:: YOUR TASK ::
Leave every picture out and give back the lines below from the first through the line that holds "검색도 이젠 카카오안에서", exactly as written.

:: DATA BELOW ::
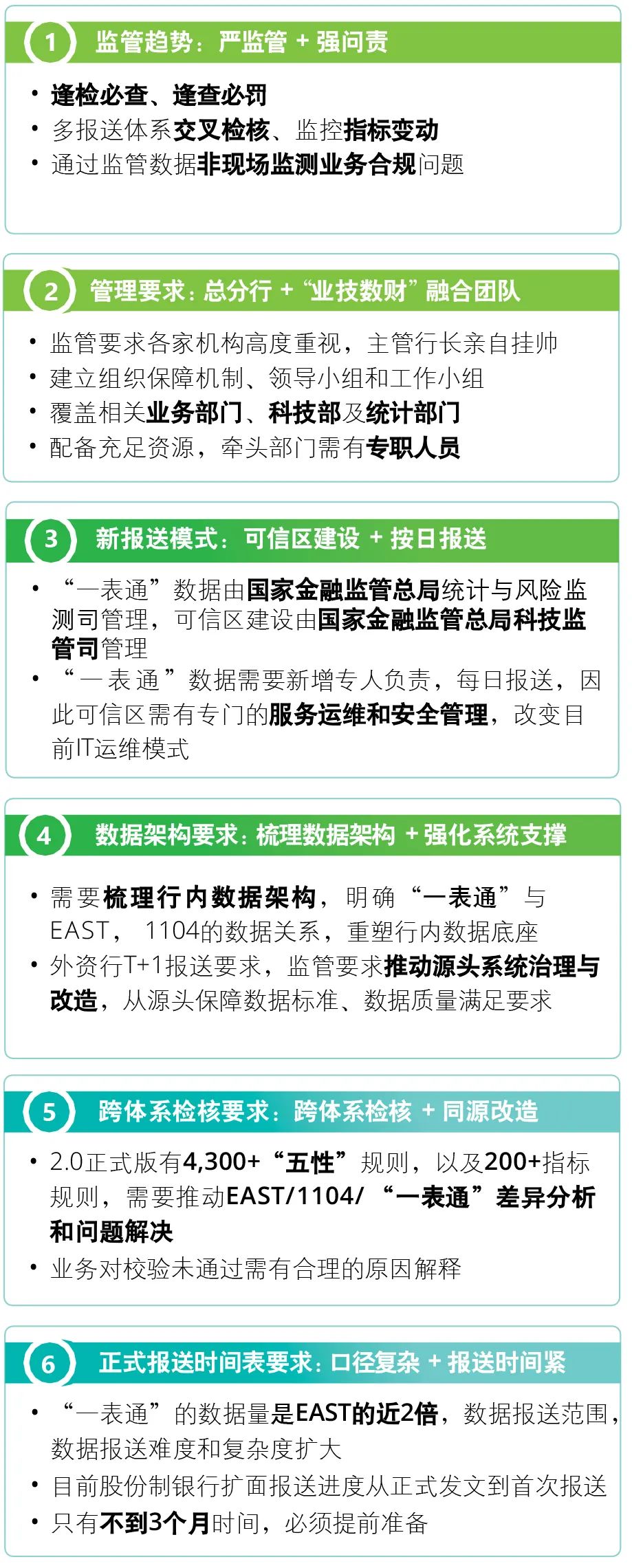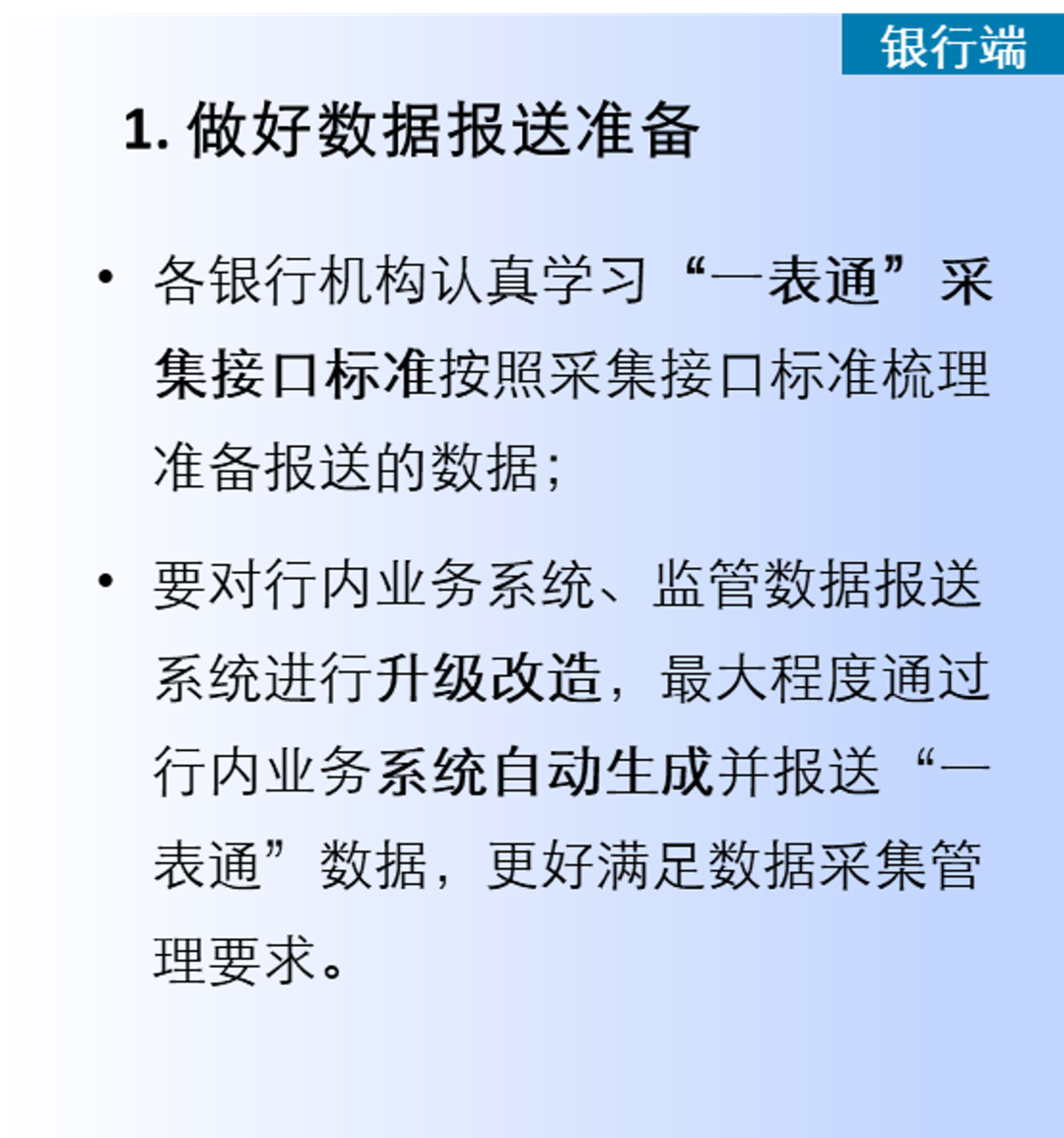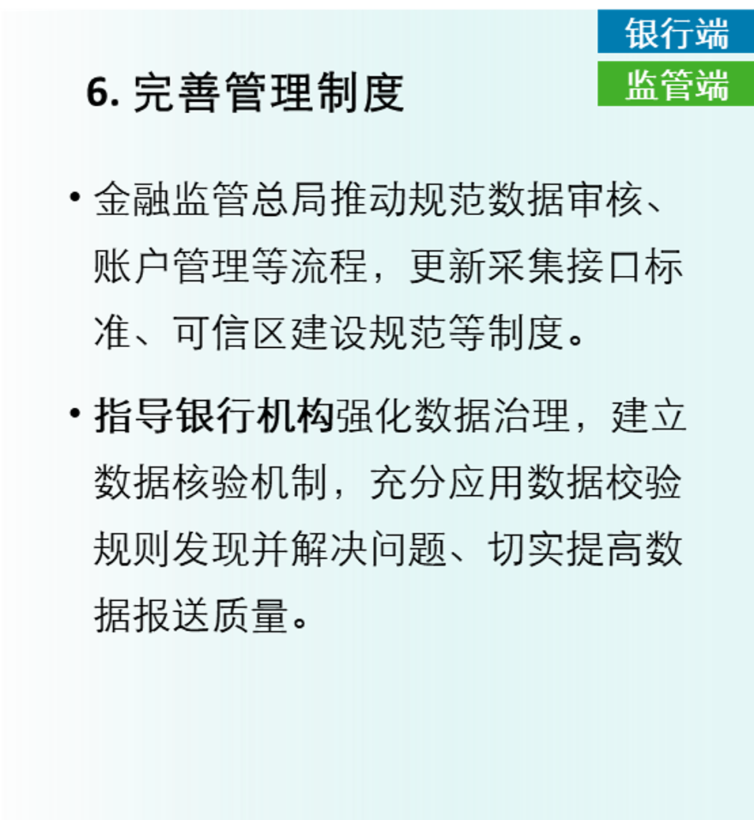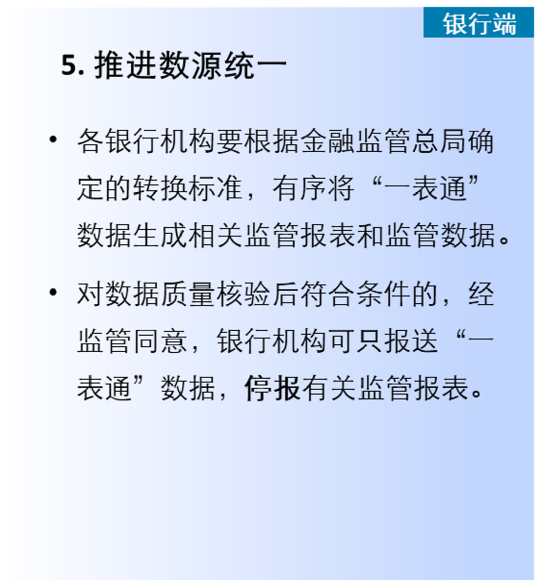 同时也对各监管局和银行机构提出了高度重视“一表通”建设,深刻认识“一表通”工作的重要意义,准确把握和认真组织落实各项工作任务等要求,具体包括“做好数据报送准备、建立监管可信区、推进数据源统一”三项对银行机构的要求、“适配转换工具、完善管理制度”两项对监管端和银行机构共同的要求以及“接入采集平台、深化数据应用”两项对监管端的要求。
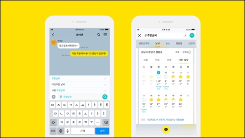 검색도 이젠 카카오안에서 해보세요! 카카오 채팅중에 궁금하거나 공유하고 싶은 내용이 있다면 채팅방에서 #버튼을 눌러서 실시간으로 검색을 해보세요. 우리가 모든걸 알 수 없는대신 우리에겐 카카오의 검색 기능 #버튼이 있습니다. 보다 편리하고 빠르고 원하는 정보를 찾아서 쉽게 공유 할 수 있습니다.
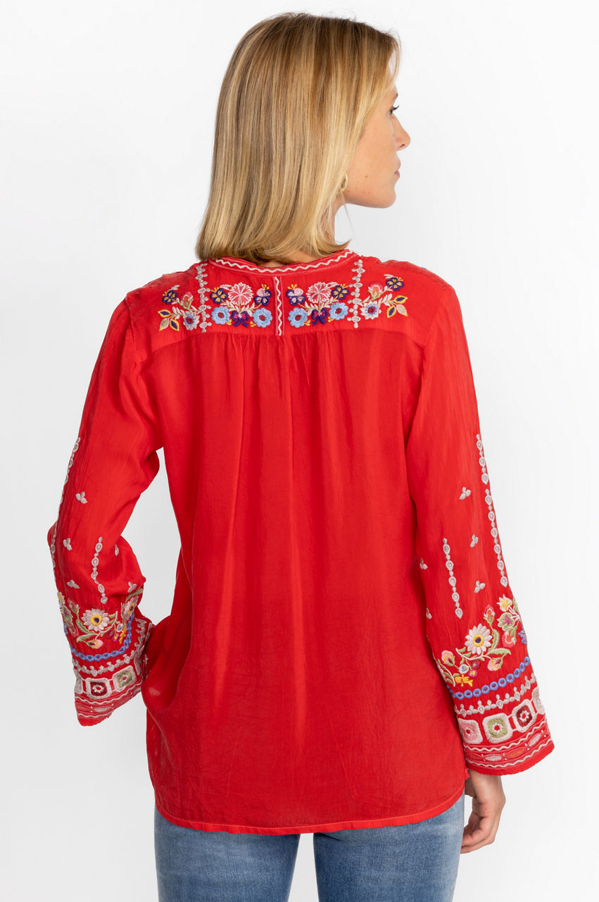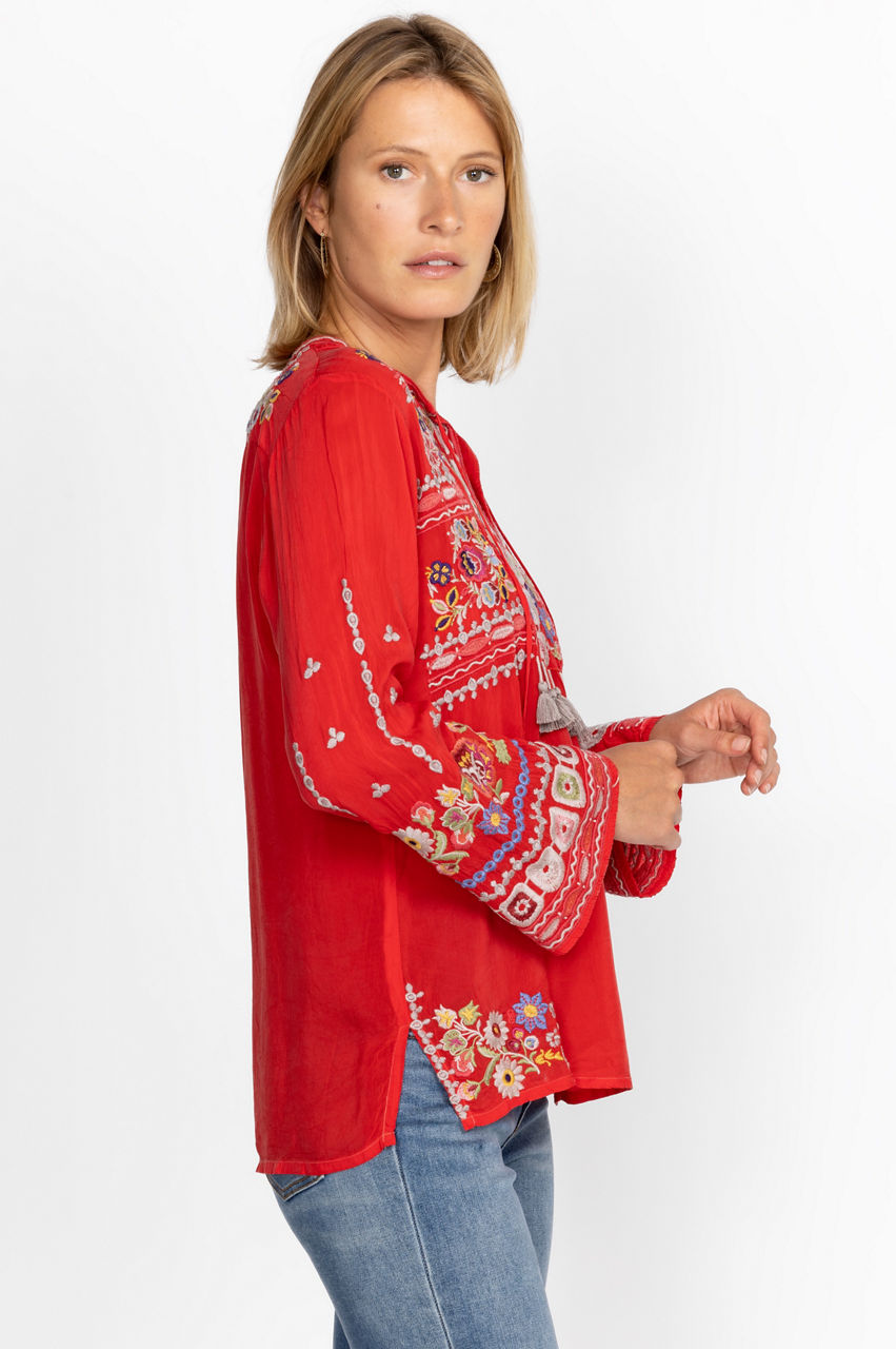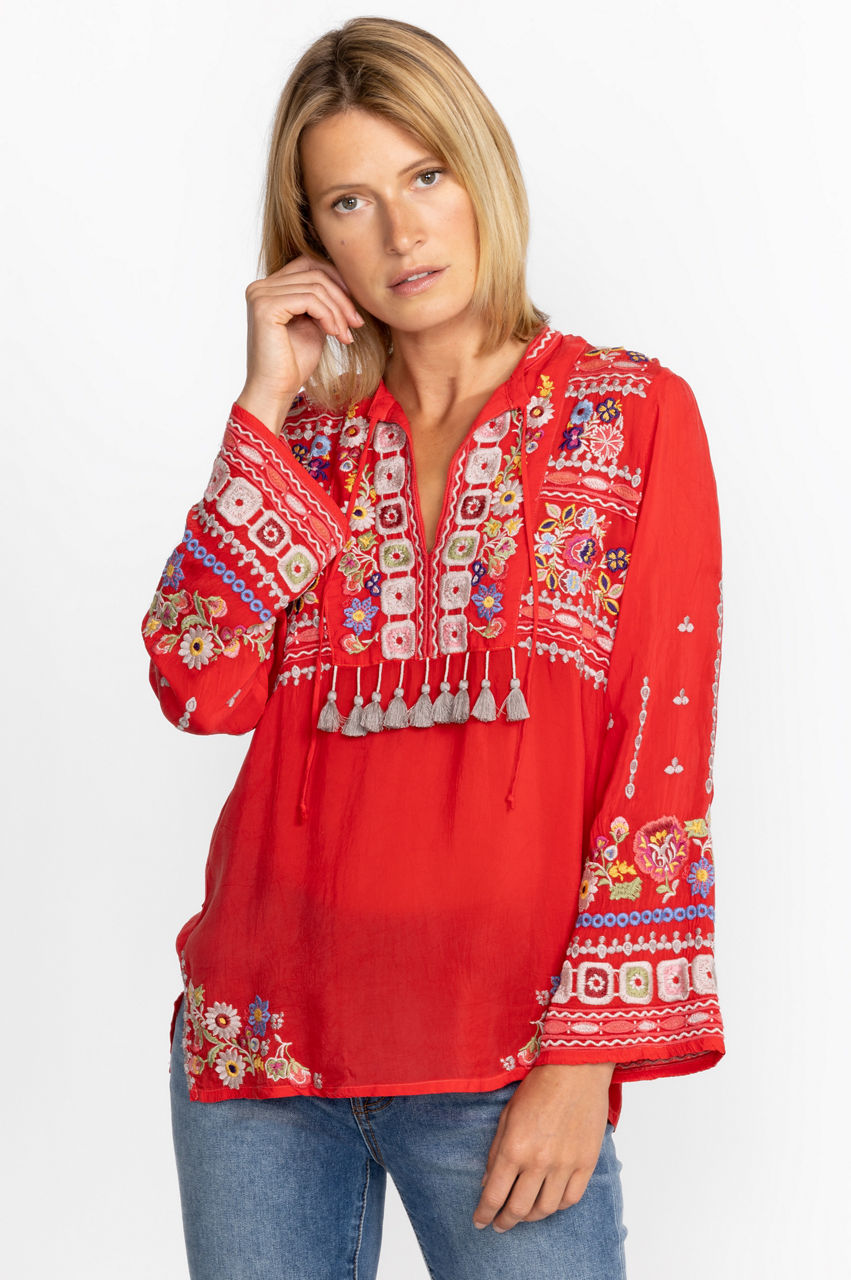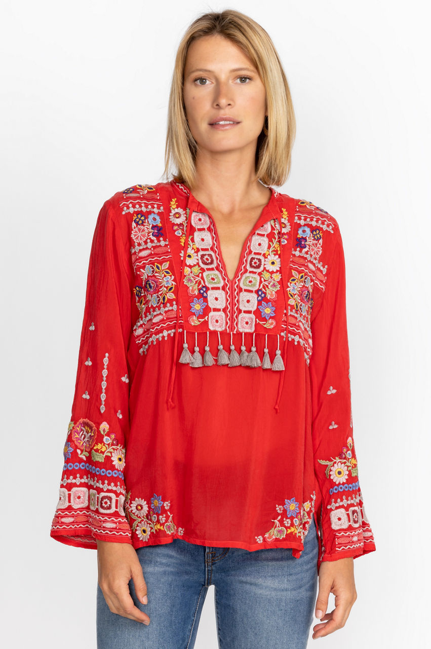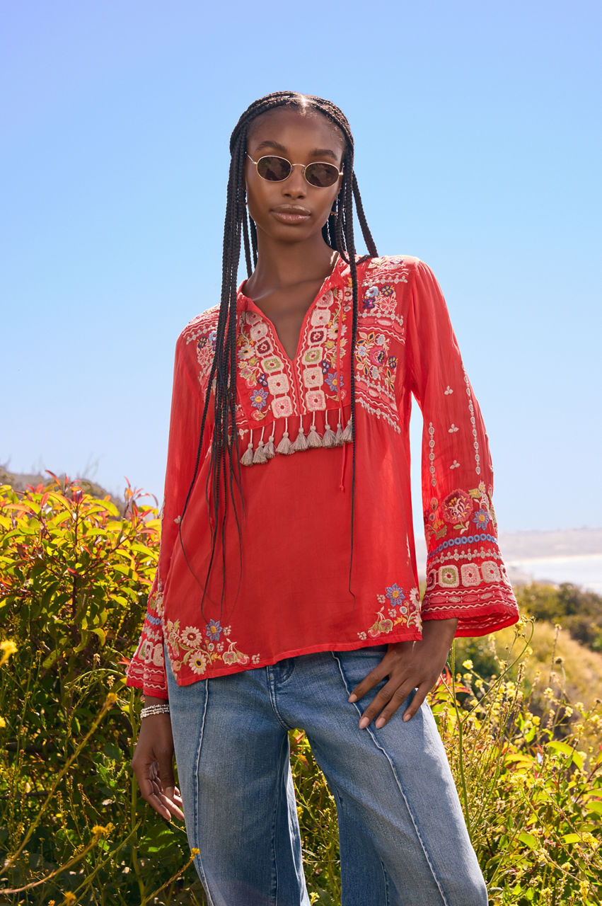 Crafted from a lightweight fabric, the Coriander Blouse is peppered with eye-catching motifs. A failsafe choice for day-to-day pursuits, this blouse boasts a tie at the neckline with tassels, long sleeves, and a detailed placement embroidery in rich shades. Opt for a bohemian look by pairing this blouse with neutral linens and statement jewelry.

:: ANSWER AREA ::
 同时也对各监管局和银行机构提出了高度重视“一表通”建设,深刻认识“一表通”工作的重要意义,准确把握和认真组织落实各项工作任务等要求,具体包括“做好数据报送准备、建立监管可信区、推进数据源统一”三项对银行机构的要求、“适配转换工具、完善管理制度”两项对监管端和银行机构共同的要求以及“接入采集平台、深化数据应用”两项对监管端的要求。
 검색도 이젠 카카오안에서 해보세요! 카카오 채팅중에 궁금하거나 공유하고 싶은 내용이 있다면 채팅방에서 #버튼을 눌러서 실시간으로 검색을 해보세요. 우리가 모든걸 알 수 없는대신 우리에겐 카카오의 검색 기능 #버튼이 있습니다. 보다 편리하고 빠르고 원하는 정보를 찾아서 쉽게 공유 할 수 있습니다.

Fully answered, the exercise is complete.